According to a draft seen by AFP, it stresses "once again its serious concern that Iran continues to defy the requirements and obligations contained in the relevant IAEA Board of Governors and UN Security Council Resolutions."
The broad outlines of a text were agreed upon on Tuesday, but it had been unclear whether it would become merely a statement to be read out at the 35-nation board meeting or a more significant resolution to go to a vote.
The resolution stops short of a referral of Iran to the Security Council, AFP reported. The IAEA resolution, likely to be voted on Thursday, is the 12th in nine years.
The AFP report noted that it is significant that Western nations were able to get Moscow and Beijing on board as they are traditionally more lenient on Tehran, with China a major buyer of Iranian oil and Russia having close commercial ties with Iran.
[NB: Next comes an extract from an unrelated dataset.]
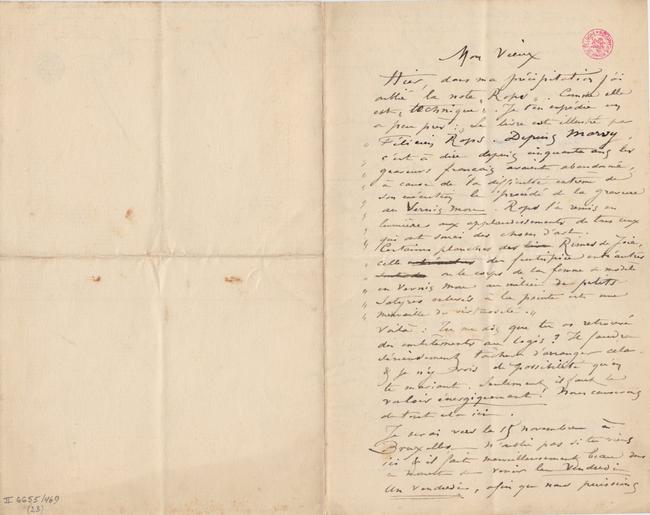 Voilà : Tu me dis que tu as retrouvé des embêtements au logis ? Il faudra sérieusement tâcher d’arranger cela. & je n’y vois de possibilité qu’en te mariant. Seulement il faut le vouloir énergiquement ! Nous causerons de tout cela ici.

One Western diplomat in Vienna told AFP that the resolution was bound to pass, with only two countries still "needing to be convinced."
The IAEA's latest report on August 30 said that Iran had doubled since May the capacity at the underground Fordo site by installing around 1,000 new centrifuges.
On Friday, it was reported that several European Union nations are exploring a new raft of sanctions against Iran as exasperation mounts over blocked talks on the country's contested nuclear program.
On Monday, IAEA chief Yukiya Amano called on Iran to open up “without further delay” the Parchin military site, where "powerful tools" could detect traces of covert activities despite Tehran's suspected clean-up work.